Specifically the project Cosmética: this isn’t just an act of collecting the sanded remains of borders, territories, remains into dust. It’s also repurposing them into matrices of makeup colour boards. What does this project communicate to you or for you?

So, it’s been many years since I’ve been sanding, perhaps seven years worth of jars of dust. In the process of sanding, I was not necessarily putting all the remains of this dust in the same jar, but I was actually sanding by colour. I had many jars with many colour palettes. The more I had, it got more interesting. At the beginning, I had this idea that I had to make a decision, but then I realised it was a series of experimentations with this dust. One of them was Cosmética.
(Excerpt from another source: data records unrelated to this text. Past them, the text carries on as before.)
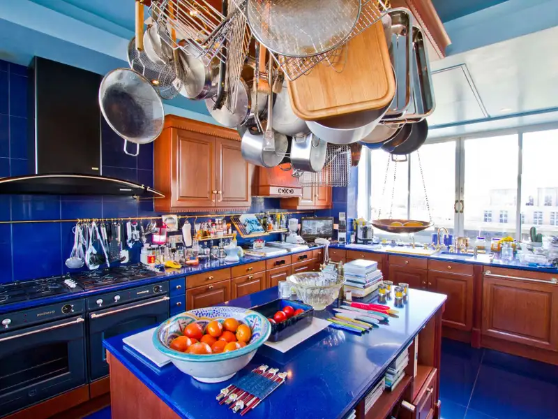 Gourmet entertainer's kitchen with panoramic views, two skylights, German-imported hanging pot rack, blue Italian marble tops and flooring, 10-burner gas stove, built-in grill and deep fryer, 3 refrigerators, wine cabinet, incinerator, dishwasher, and 2 industrial extract fans.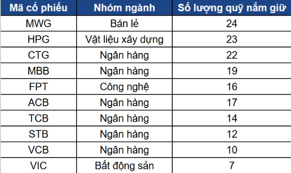 Cổ phiếu nào đang được nhiều quỹ nắm giữ nhất?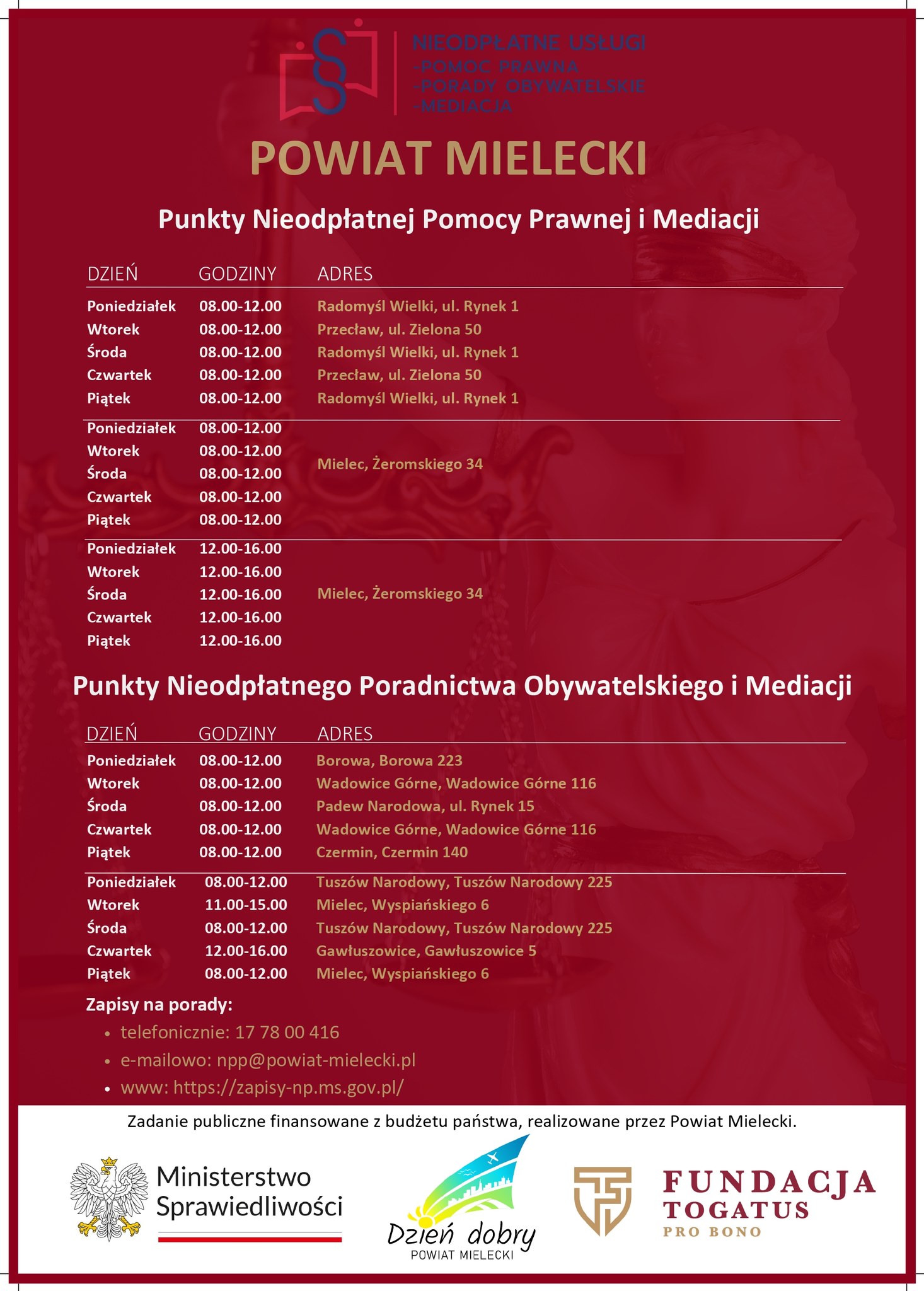 W Powiecie Mieleckim punkt nieodpłatnej pomocy prawnej prowadzony jest: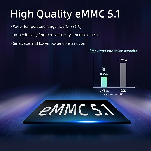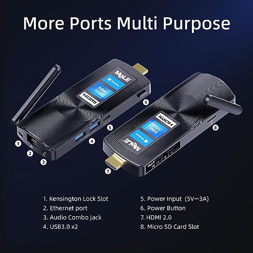 Potente ed efficiente - Dotato di processore Celeron N4000 fino a 2,6GHz con sistema operativo Windows 11 Home preinstallato come un computer tradizionale e supporta l'installazione di Ubuntu e dei sistemi operativi Linux. Supporta Wake on LAN / PXE / Auto Power on / RTC Wake, perfetto per un'ampia varietà di utilizzi come attività d'ufficio di base, uso personale, streaming multimediale, home theater, istruzione online, conferenze, segnaletica digitale e IOT industriale. Memoria e archiviazione, capacità più ampia espandibile - Memoria integrata da 4 GB di RAM LPDDR4, 128 GB di archiviazione eMMC a bordo, con uno slot per schede Micro SD che può essere aggiunto separatamente per espandere l'archiviazione fino a 2 TB. - Design senza ventola, tascabile e portatile - La tecnologia senza ventola con rumore di 0dB offre un'esperienza silenziosa e confortevole durante il lavoro. Il computer, dal design palmare, può essere messo in tasca e trasportato facilmente per un viaggio di lavoro. - WiFi 5 e Bluetooth 4.2, per una navigazione veloce e stabile - La porta LAN RJ45 gigabit ethernet da 10/100/1000 Mbps è integrata e fornisce una connessione stabile a velocità elevata, garantendo uno streaming più fluido e download più veloci. Il Bluetooth 4.2 consente di connettersi facilmente ad altri dispositivi, permettendo di gestire più attività e progetti contemporaneamente. - Il pacchetto include: 1x PCG02 Mini PC Stick, 1x adattatore di alimentazione DC, 1x spina UK, 1x spina GS, 1x Manuale Utente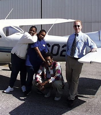 We congratulate Kenita Horsley, Keith Horsley, and Brenton Stowers. After passing the ground school part of the "Introduction to Aviation Program", and demonstrating standard flight maneuvers, our cadets were graduated as Cadets Third Class. Here are pictures of our cadets as they learn the preflight checklist with their instructor, our "Director of Flight Training", Mr. Joel Weaner. The cadets are preparing for their first cross-country flight. After an intensive preflight inspection, it was off on our cross country route that began with Brenton at the stick. He flew the first leg of our flight, Craig Airport to St. Marys Georgia. After a brief tour of the facility and a flight debriefing it was Keith's turn to demonstrate his flight skills on the second leg of our journey, St. Marys to Herlong Airport in Jacksonville. After the flight debriefing and a facility tour, it was off on the final leg to Craig Airport with Kenita at the stick. Kenita flew along the river, with a few turns around the stadium for good luck, and made her landing at Craig. We're very proud of our cadets and their aviation achievements.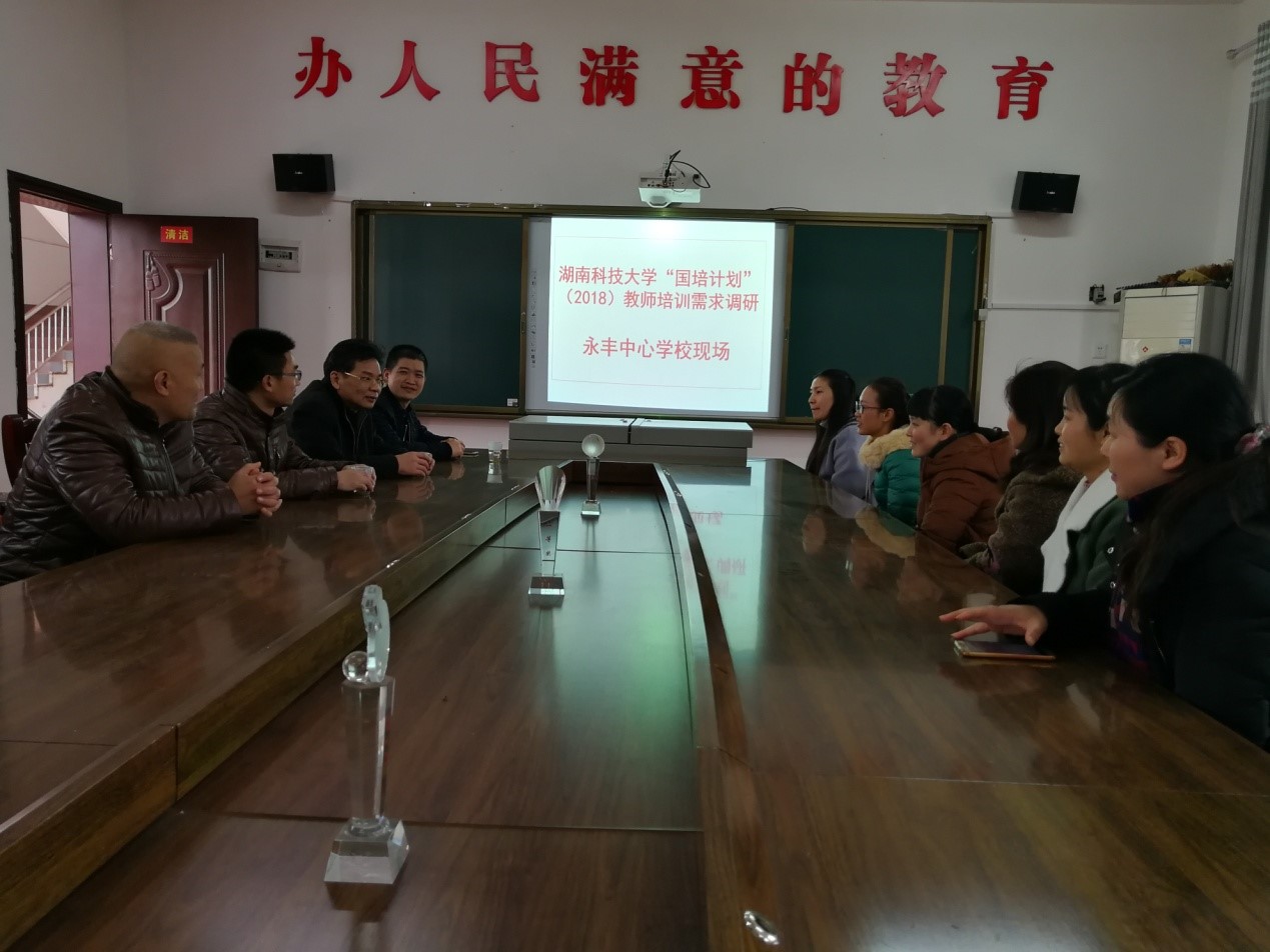 2017年12月29日,学院党委书记李炳煌教授带队,调研组赴双峰县永丰镇中心学校, 就“国培省培计划(2018)”如何更有针对性地满足乡镇中小学教师的培训需求,与该校领导、老师代表座谈。

Looking into this information placed upon the globe, the planet, as a make-up – in reference to the make-up on our faces – kind of like an easy read. “Cosmetics” comes from the word “kosmētikos”, which comes from the Greek word “kosmos”, which means to “reorganize.” It’s pretty straightforward, I think. I investigated on how to make cosmetics – like they sell in a store – and mimic that same process with dust (this is paper pulp, so it’s not safe to put it on your face). But I wanted to insert them in palettes, just like a makeup store, a display.

It was important for me that this cosmetic display would somehow have this earth material that could be found in the ground. Stone was a pretty direct answer. I started going to depots where they sell granite, but I also needed to make the circular cut to insert the palette, with the dust. No one has that kind of machine, except the people who engrave tombstones. So pretty much the process revealed itself: the palettes are inserted into headstones, and displayed as cosmetics, and the material in which they are embedded also carries some symbology.

Agustina Woodgate
Cosmética (2018)
Installation view
Courtesy of Spinello Projects (Miami)

Miami is a proving ground [for artists] – I use the word “proving” in the way bread needs to form and also the way in presenting evidence to form an idea. What are the most encouraging developments you’ve seen in the last few years for artists in Miami?

I’m not sure if it’s a development for the artist, or of the artist. Quite a lot of artists are working with climate change issues, ecological perhaps, experimentations and collaborations with scientists and local communities. Also themes of social segregation. I think this was something that perhaps was not so present ten years ago, when I first arrived. The community has grown quite a lot: some really great institutions and artist-run spaces and organizations that are somehow gearing the focus towards these topics.

Agustina Woodgate
Photo credit: Elliot Jimenez

Just a fun question: name some materials in your studio that you think you could never do without.

One hundred percent: dollies. I don’t think I can have a studio without dollies. A classic in my studio is sandpaper: all sorts of grains, of course, all sorts of colours, numbers, shapes. And music, for sure. A nice soundsystem. All sorts. I also really enjoy when other people share their music.